You wish it would. You've never hurt an animal, never entertained the idea except for once when you smushed a worm between a couple of bricks when you were little, but you wish that it would now. Somehow, that would be easier. If it would just do something evil other than what it's doing to you, you think it would somehow make this feel like it makes more sense.

It keeps walking. You walk with it.

* * *

Sam comes back to school a day later and he has a black eye and a cut on his cheek.

Your throat makes appalled, appalling cooing noises. Your mouth asks him what happened.

"A car fell on me," he says, and laughs bitterly, like it's a joke you're not supposed to get.

This isn't the first time you've given up your day to telling him that he shouldn't go into the family business if he doesn't want to, that he's too smart, too interesting, too _special_ to be a mechanic. You have a feeling it won't be your last.

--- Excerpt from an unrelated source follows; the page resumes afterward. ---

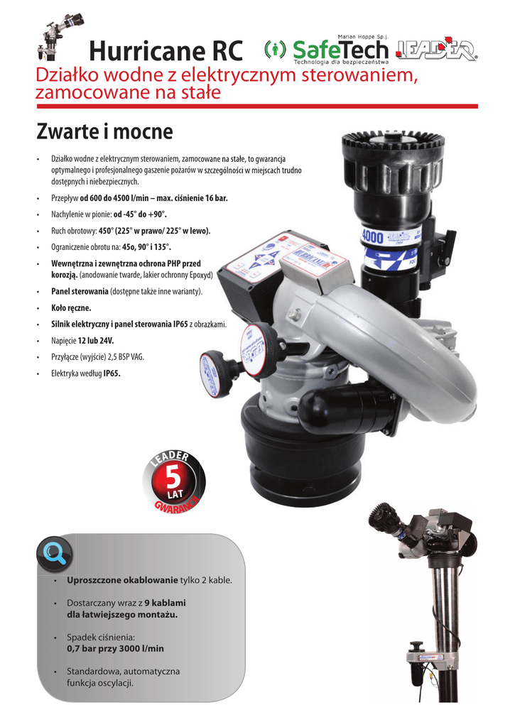 Hurricane RC Działko wodne z elektrycznym sterowaniem, zamocowane na stałe Zwarte i mocne • Działko wodne z elektrycznym sterowaniem, zamocowane na stałe, to gwarancja optymalnego i profesjonalnego gaszenie pożarów w szczególności w miejscach trudno dostępnych i niebezpiecznych. • Przepływ od 600 do 4500 l/min – max. ciśnienie 16 bar. • Nachylenie w pionie: od -45° do +90°. • Ruch obrotowy: 450° (225° w prawo/ 225° w lewo). • Ograniczenie obrotu na: 45o, 90° i 135°. • Wewnętrzna i zewnętrzna ochrona PHP przed korozją. (anodowanie twarde, lakier ochronny Epoxyd) • Panel sterowania (dostępne także inne warianty). • Koło ręczne. • Silnik elektryczny i panel sterowania IP65 z obrazkami. • Napięcie 12 lub 24V. • Przyłącze (wyjście) 2,5 BSP VAG. • Elektryka według IP65. • Uproszczone okablowanie tylko 2 kable. • Dostarczany wraz z 9 kablami dla łatwiejszego montażu. • Spadek ciśnienia: 0,7 bar przy 3000 l/min • Standardowa, automatyczna funkcja oscylacji. PARAMETRY Model Numer katalogowy HURRICANE RC I12.02.017 DN80/PN16 - ALU HURRICANE RC I12.02.018 DN100/PN16 - ALU HURRICANE RC I12.02.015 3" ASA150 - DN80/PN20 - ALU HURRICANE RC I12.02.016 4" ASA150 - DN100/PN20 - ALU HURRICANE RC I12.02.028 PRZYŁĄCZE (wejście) DLA TOP GUN RC4 4» HURRICANE RC I12.02.029 PRZYŁĄCZE (wejście) DLA TOP GUN RC3 3» AKCESORIA DODATKOWE DYSZA MAXMATIC ER – od 400 do 2000 l/min - przyłącze 2.5» BSP IG I12.42.034 DYSZA MAXFORCE ER – od 400 do 2000 l/min - przyłącze 2.5» BSP IG I12.42.036 DYSZA MASTERMATIC 4500 ER – od 600 do 4500 l/min - przyłącze 2.5»BSP IG I12.42.006 MASTERFIX 2500 ER – 500-1000-1500-2000-2500 l/min - przyłącze 2.5»BSP IG I12.42.043 ZAMONTOWANY NA STAŁE PANEL STEROWANIA do zabudowy I12.48.151 PRZENOŚNY PRZYRZĄD STEROWNICZY z kablem 9m I12.48.153 PRZENOŚNY PRZYRZĄD STEROWNICZY z kablem 30m I12.48.154 PILOT - zasięg do 150m - 2.4 GHZ I12.48.164 JOYSTICK I12.48.160 PRZEŁĄCZNIK I12.48.161 WSKAŹNIK ORIENTACJI I12.48.159 ELEKTRYCZNY MASZT TELESKOPOWY TOP GUN 3” I12.48.156 Zalety elektrycznego działka wodnego z możliwością sterowania z odległości Kompatybilne z technologi CANBUS Nawet do 65 zaprogramowanych pozycji 225°w lewo 90°w gór 450o obrotu 45°w dół 225°w prawo KONSERWACJA Uproszczona konserwacja dzi ki wysokiej jako ci produktu (trwały produkt). 5 lat gwarancji HURRICAINE RC V01.de Zastrzegamy sobie prawo do wprowadzania zmian konstrukcyjnych słu cych post powi.

You just can't see the point. If the thing driving you wanted to do something for Sam Winchester, or do something to him, then at least there'd be some kind of reason for you to be going through this. But it doesn't, it doesn't even particularly want to be here, itself, you don't think, and your life is getting flushed down the toilet just so this weird kid can go on and on and on about his problems.

You don't care about Sam Winchester's problems. You might care a little, if left to your own devices, but not under the circumstances. He just drones on and on while you're _possessed_ and you hate him. He doesn't know what problems are.

You try talking to it. You're not proud of that, but you're bored, and the only distraction is watching something that everyone thinks is you screw up your life. It's bored, too, you can tell, but it doesn't answer except once during a long test when it's gotten sick of marking the Scantron sheet at random.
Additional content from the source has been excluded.